Kala semua penumpang menikmati makan siang. Di sebuah rumah makan paling fenomenal dengan masakan khas  Barat Selatan Aceh. Kebetulan, kali ini semua penumpang duduk di meja panjang. Sehingga semua berkumpul menikmati makanan yang diambil sendiri di depan.
Aku memilih ikan sambal dan sayur asam. Di sampingku ada yang memilih kerang lado, cumi tumis asam. Kami sesama penumpang menjadi semakin akrab. Akhirnya, sopir juga bergabung ke meja panjang yang biasa dipilih oleh rombongan keluarga.
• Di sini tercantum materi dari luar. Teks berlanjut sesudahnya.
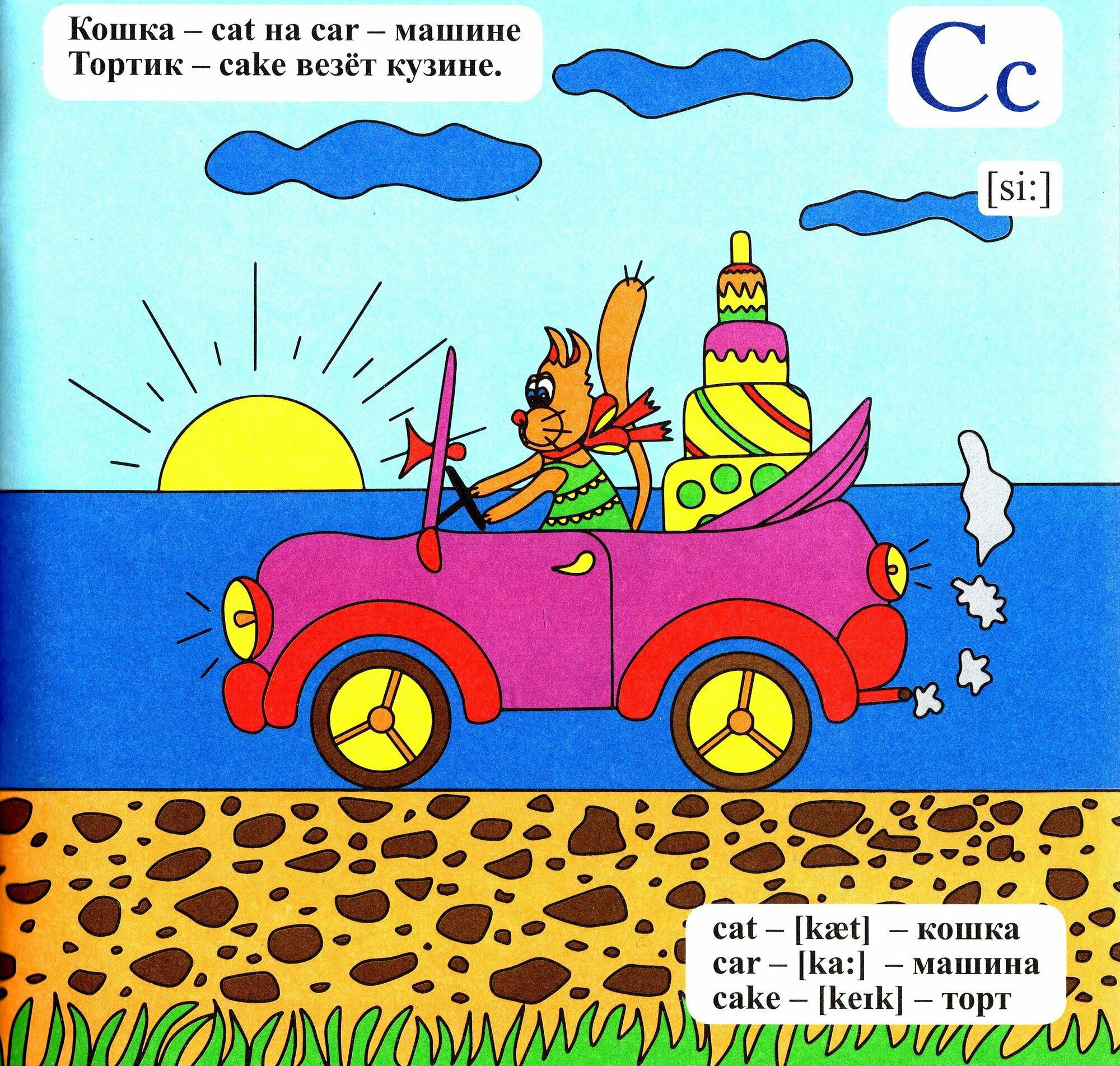 На каждую букву английского алфавита в книге содержится коротенький забавный стишок на русском языке (с 1-3 английскими словами), красочная иллюстрация и раскраска.

"Adek sering berpergian sendirian?" tanya Ibu bermata sipit itu. Beliau duduk di sampingku dengan suaminya.
"Iya, Bu," sahutku sekenanya sembari memamerkan senyum terbaik.
"Tidak takut bepergian sendiri-sendiri, Dek?" dia menoleh sembilan puluh derajat kepadaku.
"Tidak, Bu. Kebetulan saya sudah langganan sama travel 'bersaudara' ini," jawabku lagi.
"Oh begitu, memangnya orang tuanya tidak khawatir anak gadis pulang pergi sendirian?" pertanyaannya membuatku merasa tidak nyaman. Aku masih terdiam.
"Apalagi adek duduk di depan dekat sopir! Sopir itu kadang-kadang nakal, Dek!" serunya tiba-tiba sambil melihat kiri-kanan.
Aku tersenyum kecut, "Tidak, Bu. Sopir di dua saudara terkenal baik-baik. Mereka tidak macam-macam sama penumpang. Saya bahkan sudah setahun ini berlangganan di travel ini.Â
Apalagi mereka selalu berhenti setiap masuk waktu salat. Obrolan mereka juga sopan-sopan!" aku sedikit membela diri dan para sopir. Memang bukan hal yang asing. Kalau sopir sering dianggap nakal dengan penumpang perempuan, apalagi anak gadis sepertiku.
"Memangnya adek kenapa pulang pergi!" tanya Perempuan yang mengenakan baju merah jambu dengan penutup kepala warna senada. Pakaiannya cukup menunjukkan seorang muslimah.